◆ SOURCE MATERIAL ◆
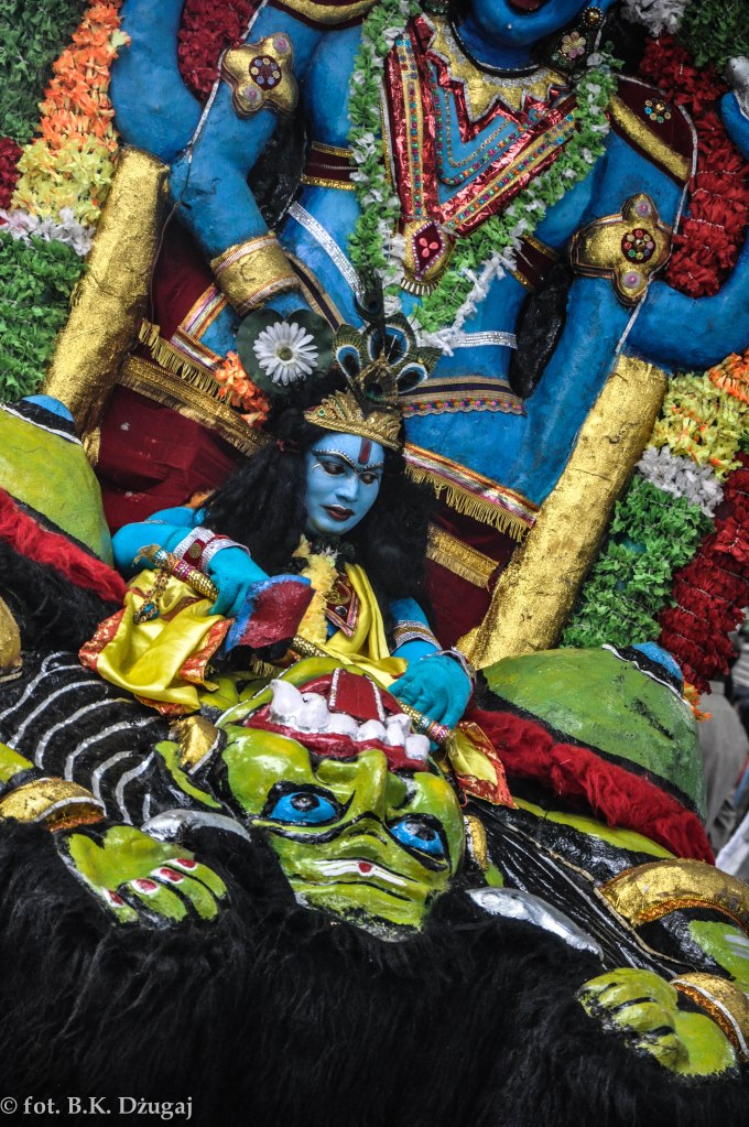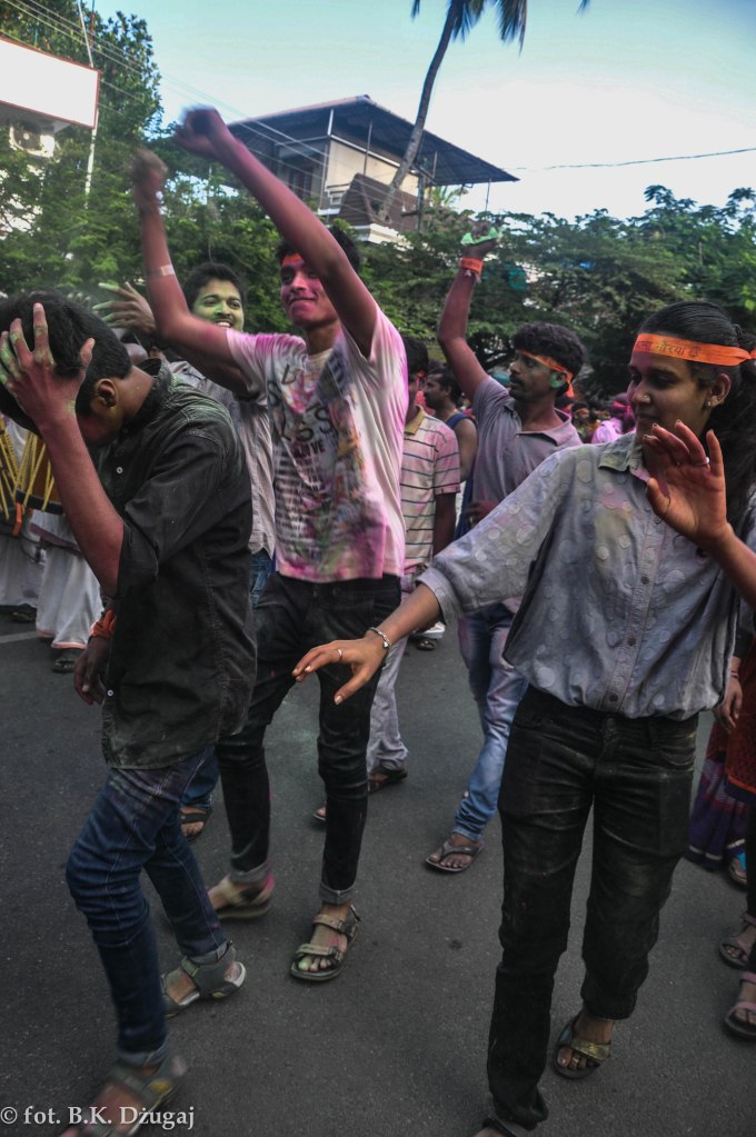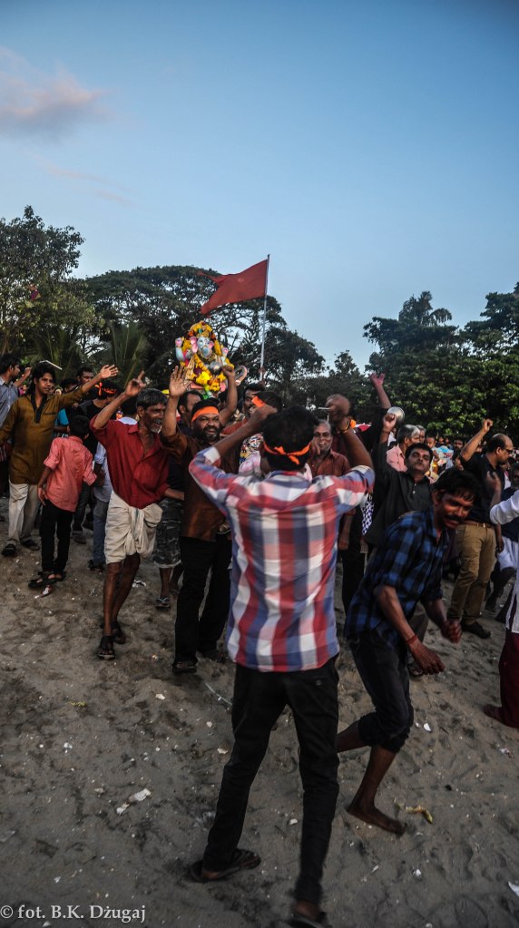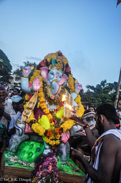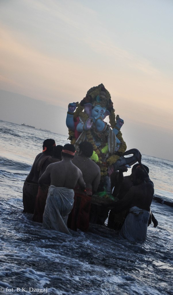Następny dzień miał być dniem odpoczynku. Tylko odsypianie poprzednich nocy, jedzenie, spacery po plaży lub starej części Koczinu. Wierzcie lub nie, ale nawet ja mam ograniczone zasoby energii, a upał i schodząca adrenalina zrobiły swoje – wiedziałam już, że mam wystarczająco dużo materiału, żeby rozliczyć projekt badawczy, mogłam więc odetchnąć i wreszcie się wyspać. Nic z tego, moją ulicą przechodziła bowiem kolejna parada. Mniej barwna niż ta ze środy, dla mnie fascynująca jednak z zupełnie innego powodu. To był ostatni dzień Onam, zgodnie z hinduską tradycją, miało więc nastąpić zatopienie bóstwa – z braku Gangesu w wodach Morza Arabskiego. Bóstwem tym był Ganeśa, bóg o głowie słonia, uwielbiany w całych Indiach jako niebianin usuwający przeszkody i zapewniający powodzenie. Posąg Ganeśi, ulokowany na bogato przystrojonej platformie, przejechał całe miasto, aż do plaży w Fort Koczin. Tam została odprawiona pudźa, z której byłam pewna, że zostanę grzecznie relegowana jako osoba mogąca skalać hinduskich wiernych. Ku mojemu zaskoczeniu, sami kapłani podprowadzili mnie do samego posągu Ganeśi, żebym miała lepszy widok. Tacy są Keralczycy – otwarci i serdeczni, chętni do pomocy i uczynni. Domyślacie się jak się skończyła uroczystość na plaży? Oczywiście, wlazłam do morza po pas, żeby zrobić zdjęcia. Do domu wracałam mokrusieńka, ale szczęśliwa.
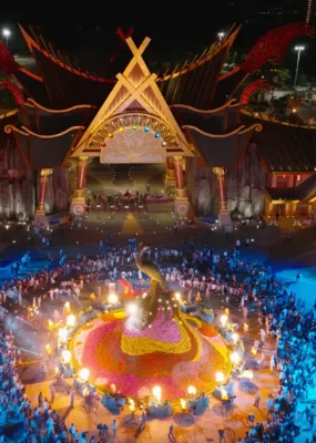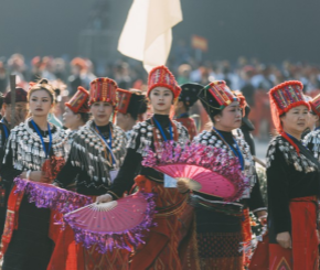 目瑙纵歌场上,上万人伴随着木鼓、铓锣、洞巴、笛子等乐器的节奏井然有序入场,人流如巨龙般蜿蜒环绕。
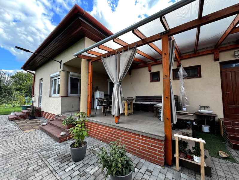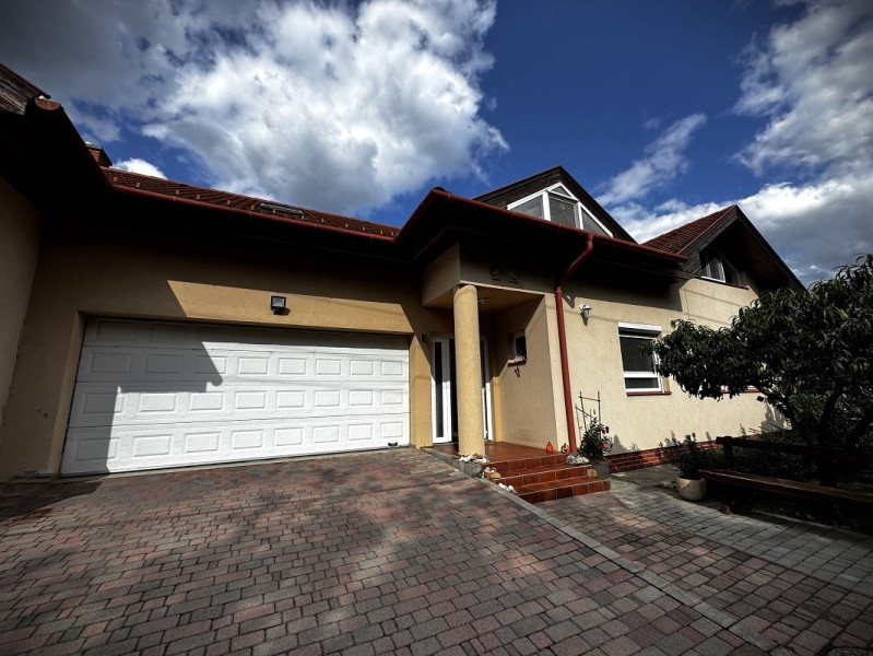 Székesfehérvár, Feketehegy városrészben eladó egy 2001-ben épült, 38 cm vastag Porotherm tégla falazatú, sorházas beépítés szélén álló ház. Az ingatlan 166 m² hasznos lakóteret kínál (földszint 87 m² + emelet 79 m²) nappali + 5 szoba és 2 fürdőszoba elrendezéssel; a földszinten nappali–étkező–konyha egyben, szülői háló saját fürdővel, vendég-WC és 33 m²-es, fűtött, elektromos kapuval szerelt dupla garázs található, az étkezőből közel 25 m²-es teraszra lépünk ki. Az emelet közlekedője közösségi térként is használható; innen négy nagyméretű szoba és fürdő, valamint az egyik szobához gardrób nyílik. A ház 2013-ban teljes körű felújításon esett át, 2019-ben pedig háromrétegű nyílászárókat építettek be alumínium redőnyökkel. A fűtést és a melegvizet korszerű gáz kombikazán biztosítja radiátoros hőleadással, a nappaliban emellett egy 17 kW-os öntvény kandalló nyújt hangulatos és hatékony alternatív fűtést.
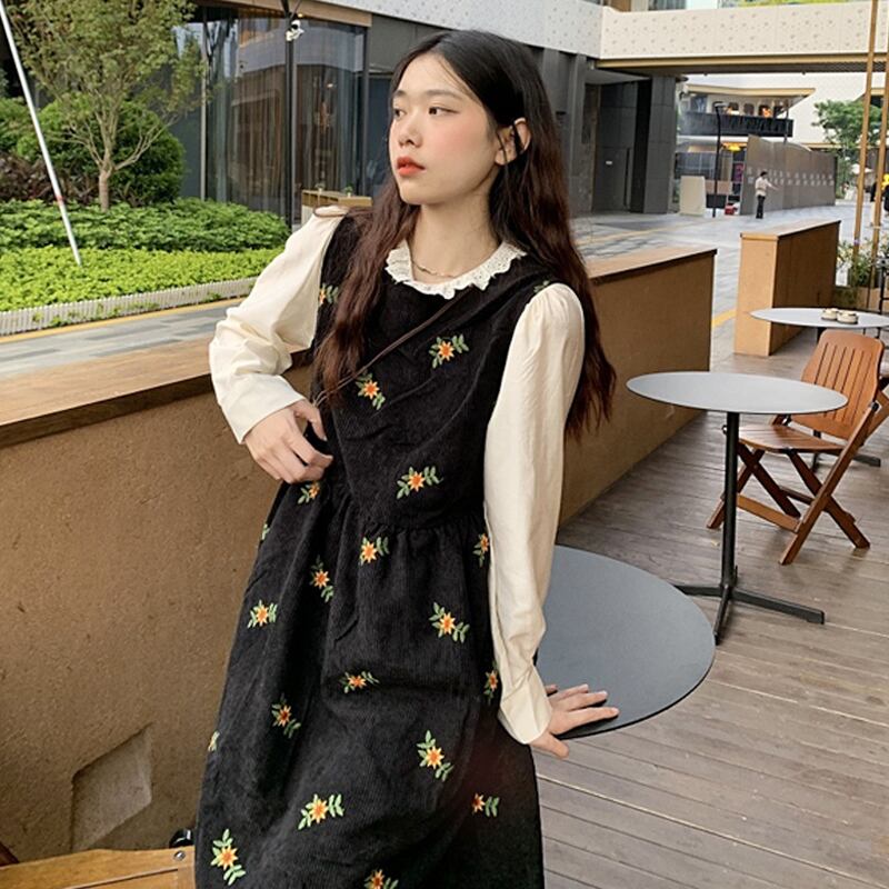 セットアップ ツーピース ブラウス 長袖 シンプル 無地 ワンピース ノースリーブ ミモレ丈 小花柄
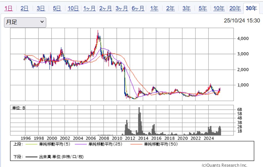 2012年に粉飾決算が発覚した当社は、株価の大幅下落に見舞われました。しかし、その後の推移はこの通り。山一證券の例などが思い浮かべば損切に走っていたかもしれませんが、一般人がその後の回復まで、的確に予想することはこれまた困難です。
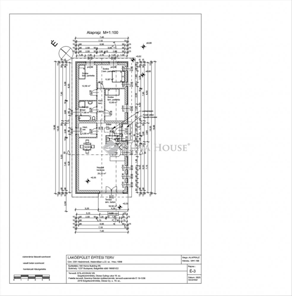 A 110 m²-es családi ház minőségi alapanyagokból épült, így hosszú távra biztosít kényelmes és energiatakarékos életet.
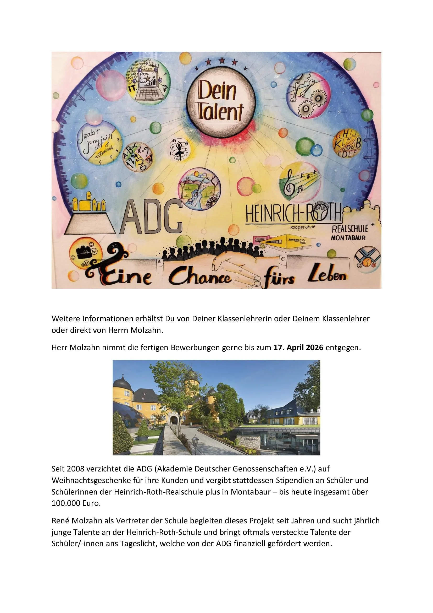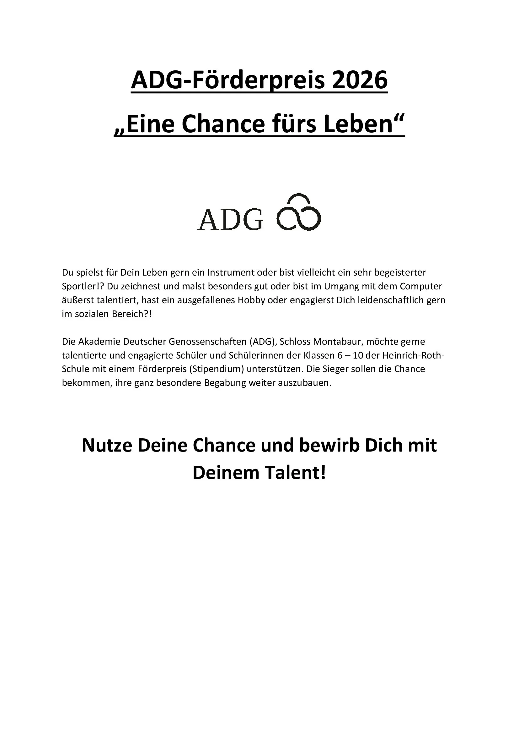 Die ADG verzichtet seit 2008 auf Weihnachtsgeschenke für ihre Kunden und schreibt stattdessen den Förderpreis für die Schüler der Heinrich-Roth-Realschule plus aus. So wurden seit 2008 Stipendien im Gesamtwert von rund 80.000 Euro vergeben.
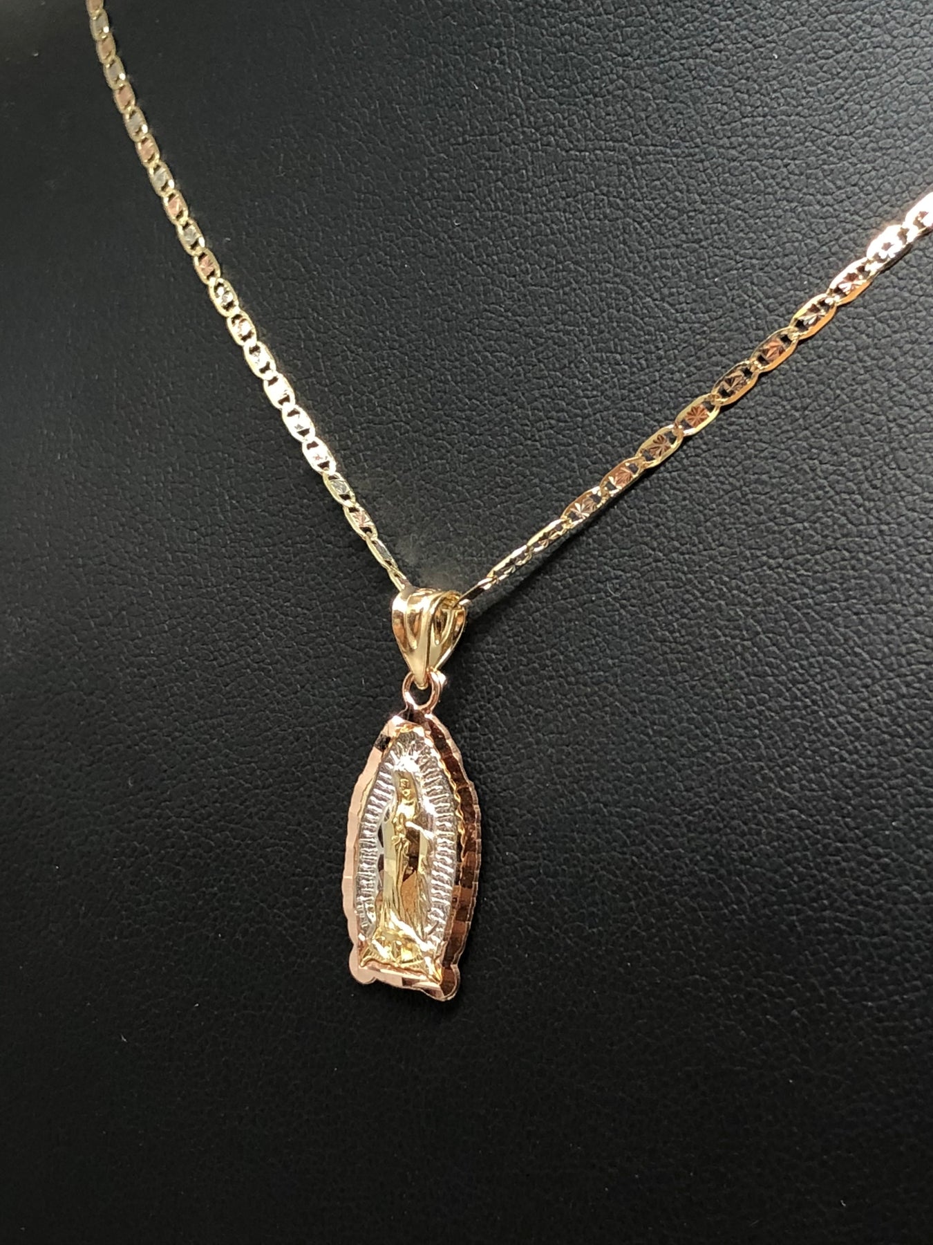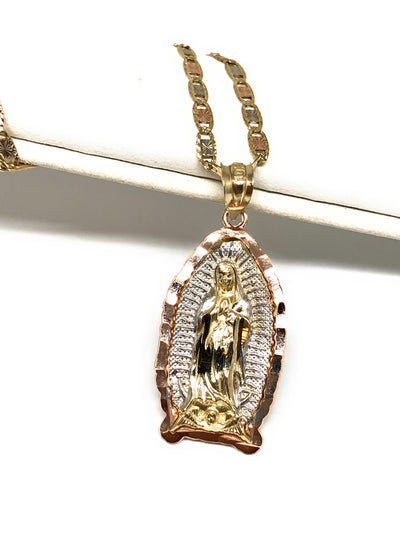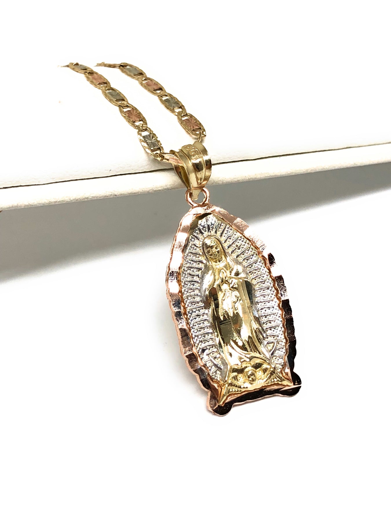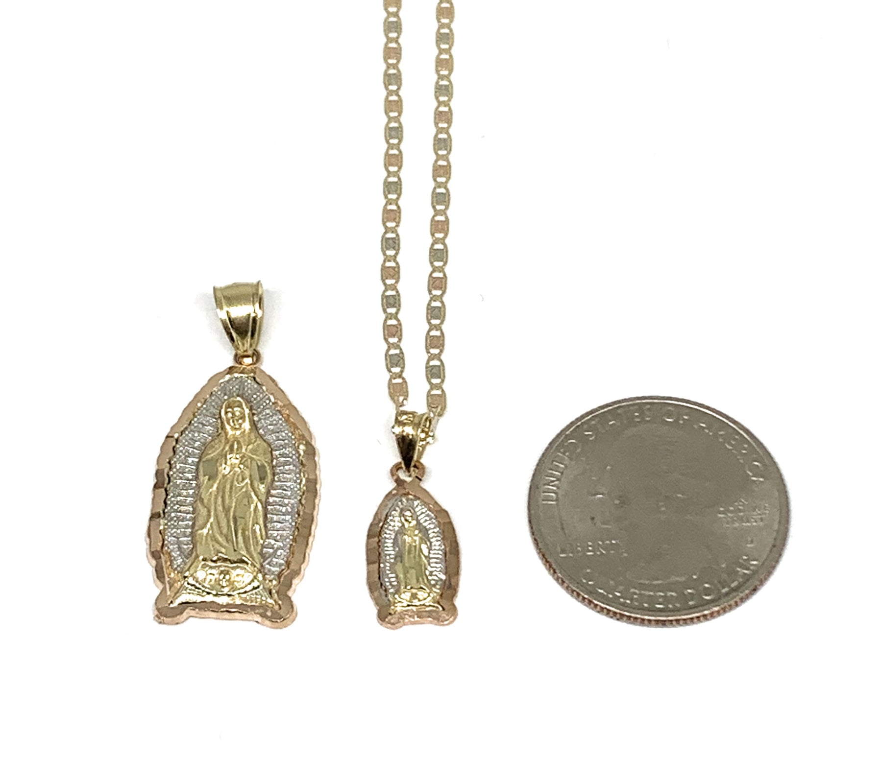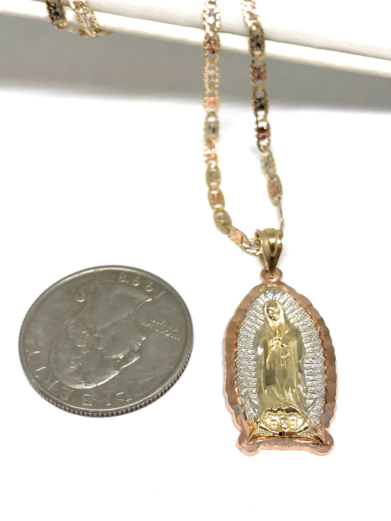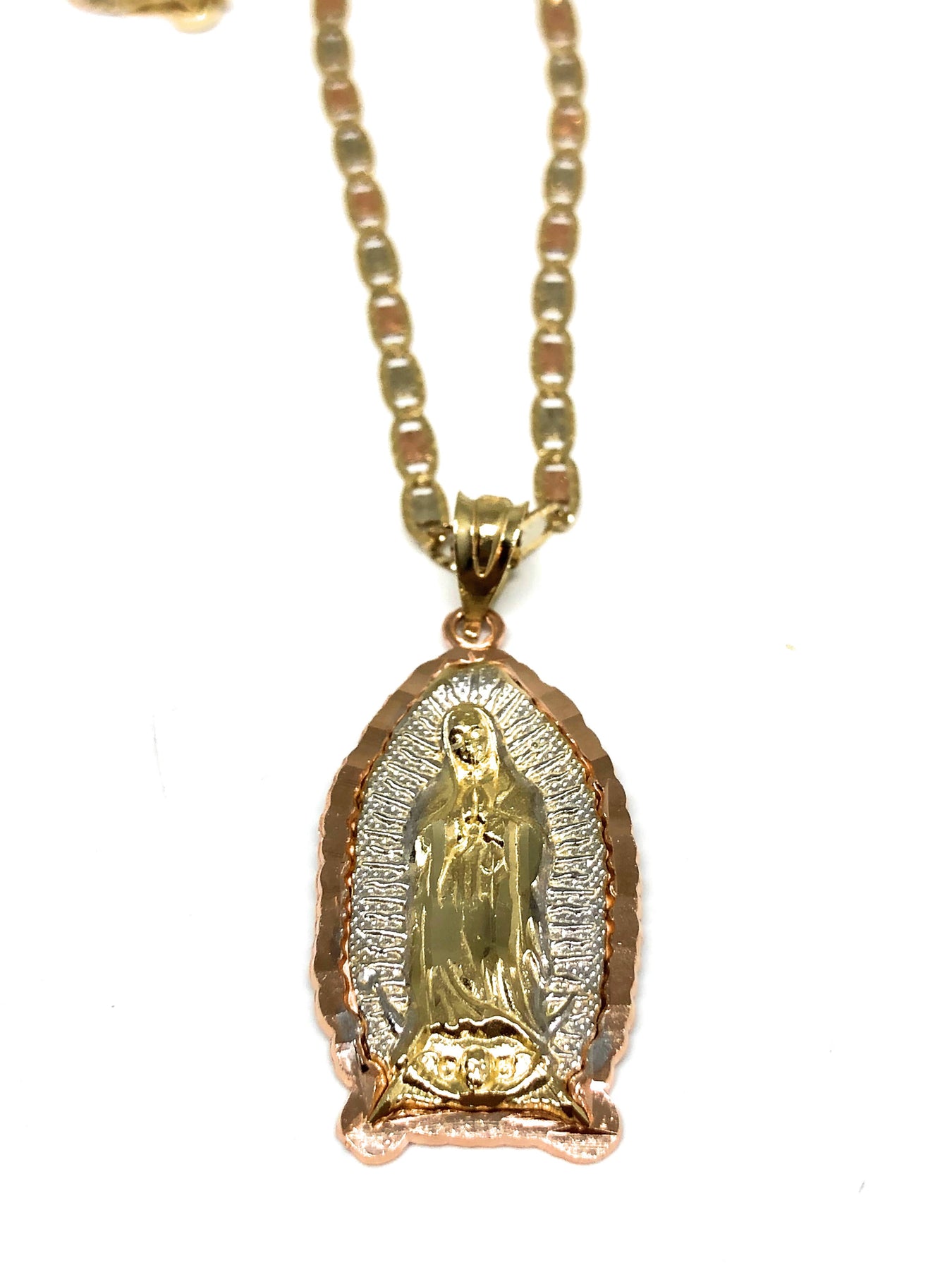 10k Solid Gold Tri-Color Virrgin Mary Pendant Necklace Virrgen Gaudalupe Valentina Chain (SM,LG)

◆ ASSIGNED TASK ◆
A verbatim copy of the records is expected, from their first line through the line with "目瑙纵歌场上,上万人伴随着木", inclusive, with the pictures removed.

◆ ANSWER FOR THIS EXERCISE ◆
Następny dzień miał być dniem odpoczynku. Tylko odsypianie poprzednich nocy, jedzenie, spacery po plaży lub starej części Koczinu. Wierzcie lub nie, ale nawet ja mam ograniczone zasoby energii, a upał i schodząca adrenalina zrobiły swoje – wiedziałam już, że mam wystarczająco dużo materiału, żeby rozliczyć projekt badawczy, mogłam więc odetchnąć i wreszcie się wyspać. Nic z tego, moją ulicą przechodziła bowiem kolejna parada. Mniej barwna niż ta ze środy, dla mnie fascynująca jednak z zupełnie innego powodu. To był ostatni dzień Onam, zgodnie z hinduską tradycją, miało więc nastąpić zatopienie bóstwa – z braku Gangesu w wodach Morza Arabskiego. Bóstwem tym był Ganeśa, bóg o głowie słonia, uwielbiany w całych Indiach jako niebianin usuwający przeszkody i zapewniający powodzenie. Posąg Ganeśi, ulokowany na bogato przystrojonej platformie, przejechał całe miasto, aż do plaży w Fort Koczin. Tam została odprawiona pudźa, z której byłam pewna, że zostanę grzecznie relegowana jako osoba mogąca skalać hinduskich wiernych. Ku mojemu zaskoczeniu, sami kapłani podprowadzili mnie do samego posągu Ganeśi, żebym miała lepszy widok. Tacy są Keralczycy – otwarci i serdeczni, chętni do pomocy i uczynni. Domyślacie się jak się skończyła uroczystość na plaży? Oczywiście, wlazłam do morza po pas, żeby zrobić zdjęcia. Do domu wracałam mokrusieńka, ale szczęśliwa.
 目瑙纵歌场上,上万人伴随着木鼓、铓锣、洞巴、笛子等乐器的节奏井然有序入场,人流如巨龙般蜿蜒环绕。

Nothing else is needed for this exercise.